Note: this code will need to be updated to work with Hadoop instead of Google Drive.

Read a partitioned dataset from filesystem
- https://arrow.apache.org/docs/python/filesystems.html#filesystem

Example:
```
import pyarrow.dataset as ds
ds.dataset("data/", filesystem=fs)
```



In [2]:
pip install "dask[complete]"



In [3]:
import os
from datetime import datetime
import pandas as pd
import dask.dataframe as dd
import numpy as np
from pyarrow import fs
import pyarrow.parquet as pq
import pyarrow.dataset as ds
import pyarrow as pa

We are going to import the 11 .csv files of opendatabcn-income and write them to a single parquet table.

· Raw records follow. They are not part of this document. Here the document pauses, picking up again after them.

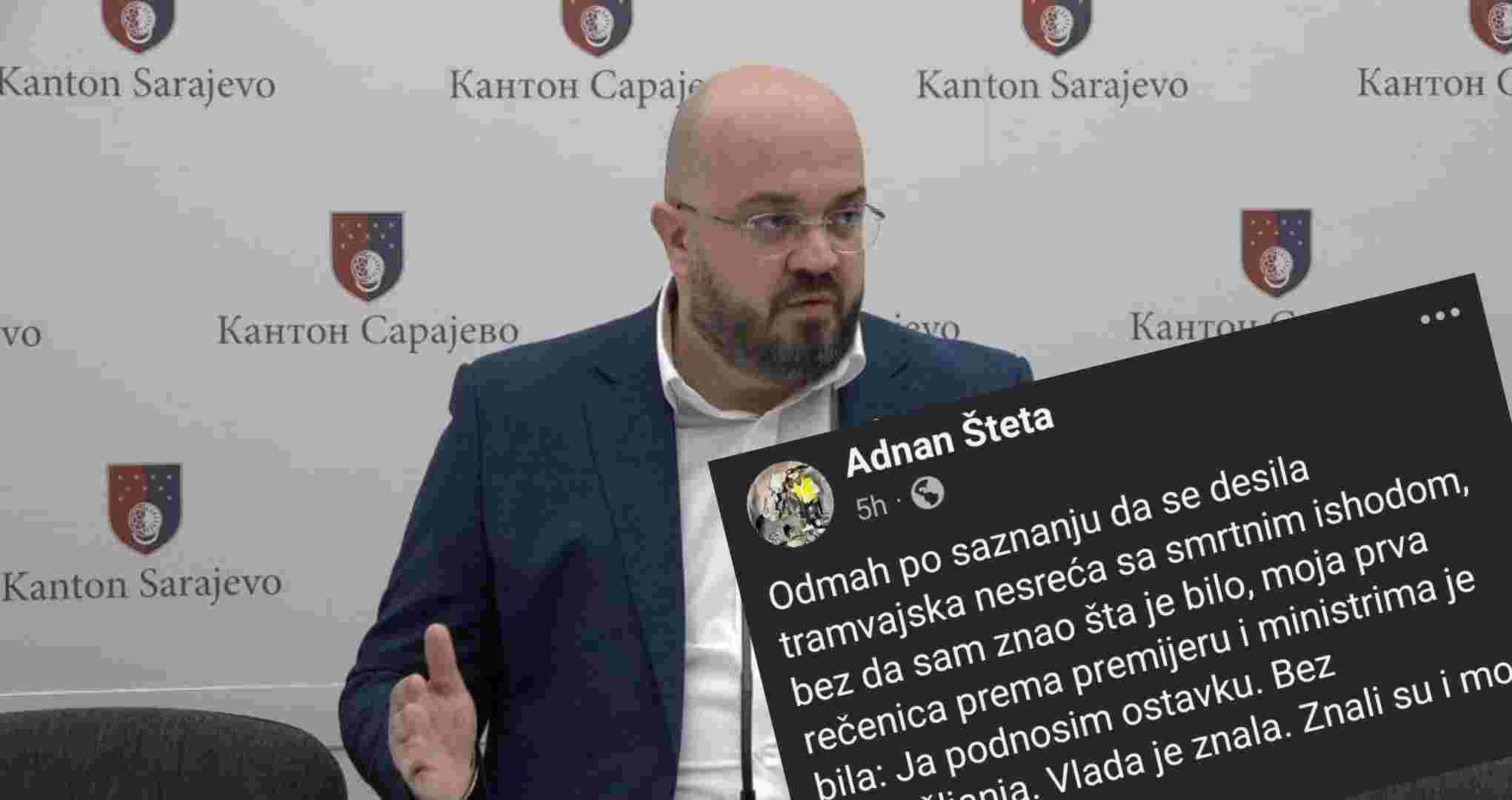 Ministar saobraćaja Kantona Sarajevo Adnan Šteta objavio je emotivnu i opširnu poruku povodom tramvajske nesreće sa smrtnim ishodom, u kojoj tvrdi da je odmah, bez ikakvog razmišljanja, ponudio ostavku.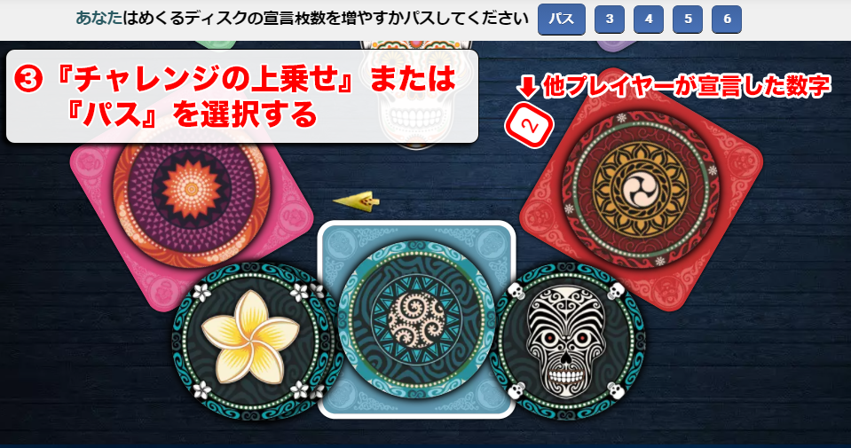 『チャレンジの上乗せ』は、他プレイヤーが宣言した数字よりも『大きい数字』を宣言することが可能です。チャレンジを宣言した人以外全員、『パス』を宣言した時フェーズ❹に移動します。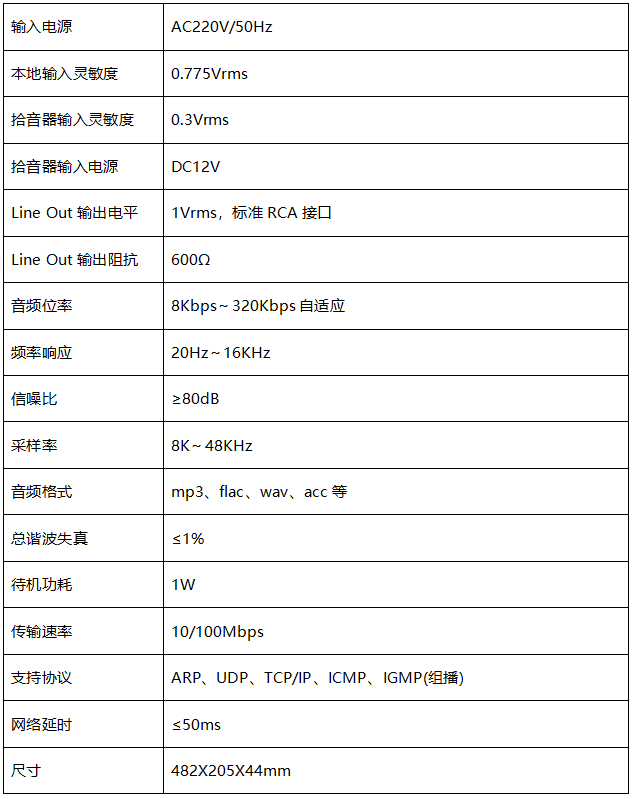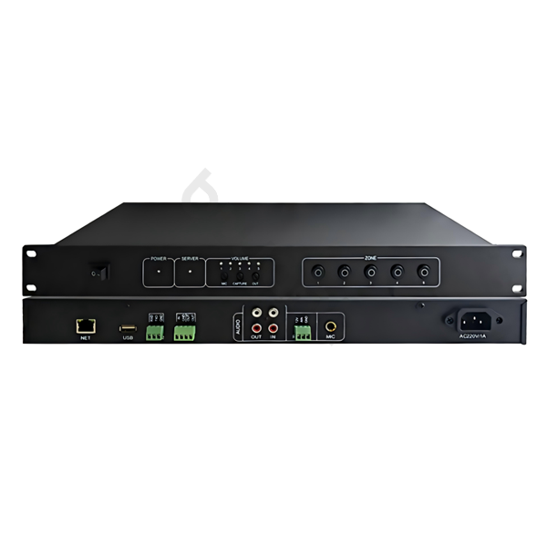 具備2路蓮花頭音頻輸入接口,2路蓮花頭音頻輸出接口,支持音頻編解碼功能,支持網(wǎng)絡(luò)音頻解碼輸出,也可通過音頻輸入接口外接CD機(jī)、收音機(jī)等音頻信號進(jìn)行數(shù)字音頻編碼,并通過網(wǎng)絡(luò)遠(yuǎn)程發(fā)送到指定的廣播區(qū)域(設(shè)備)進(jìn)行廣播
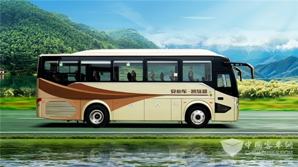 该车采用第四代全承载技术+整车骨架高强度钢,更轻量更安全,让乘客安心直达目的地,同时框架式三段式车架+超大行李舱,轻松装纳出游行李,长轴距设计也大大提升了运载效率,让乘客惬意看风景,享受身心那份宁静与愉悦。

Reading Partitioned CSV Data into a single table with pyarrow
- https://arrow.apache.org/cookbook/py/io.html#reading-partitioned-data
- https://arrow.apache.org/docs/python/generated/pyarrow.dataset.dataset.html#pyarrow.dataset.dataset
- https://arrow.apache.org/docs/python/generated/pyarrow.dataset.Dataset.html#pyarrow.dataset.Dataset.to_table

In [4]:
# returns table for processing to parquet for persistent storage
# returns file list so that files can be deleted after processing
def LoadPartitionedCSV(directory, folder, schema=None):
  """ 
  Input: a string for the data directory path,  
  a string of the folder name that contains partitioned data in csv format,
  a schema for the data if known, otherwise it will be inferred.
  Output: pyarrow table, list of loaded files
  """
  path = directory + "/" + folder
  # loading all csv files in path to a pyarrow dataset
  dataset = ds.dataset(path, schema=schema, format="csv")
  # loading pyarrow datset to a single pyarrow table
  table = dataset.to_table()
  return table, dataset.files

We want to define the schema to make sure datatypes are efficient.
- https://arrow.apache.org/cookbook/py/schema.html#setting-the-schema-of-a-table
- https://arrow.apache.org/docs/python/api/datatypes.html

In [5]:
pa_schema = pa.schema([
    ("Any", pa.uint16()),
    ("Codi_Districte", pa.uint8()),
    ("Nom_Districte", pa.string()),
    ("Codi_Barri", pa.uint8()),
    ("Nom_Barri", pa.string()),
    ("Població", pa.uint32()),
    ("Índex RFD Barcelona = 100", pa.float64()) # should be float but there is messy data
])

The import fails because there is a character "-" in the .csv which is a string when it should be a float.

In [6]:
directory = "/content/drive/MyDrive/BDM-Project/Data"
#table, files = LoadPartitionedCSV(directory, "opendatabcn-income", pa_schema)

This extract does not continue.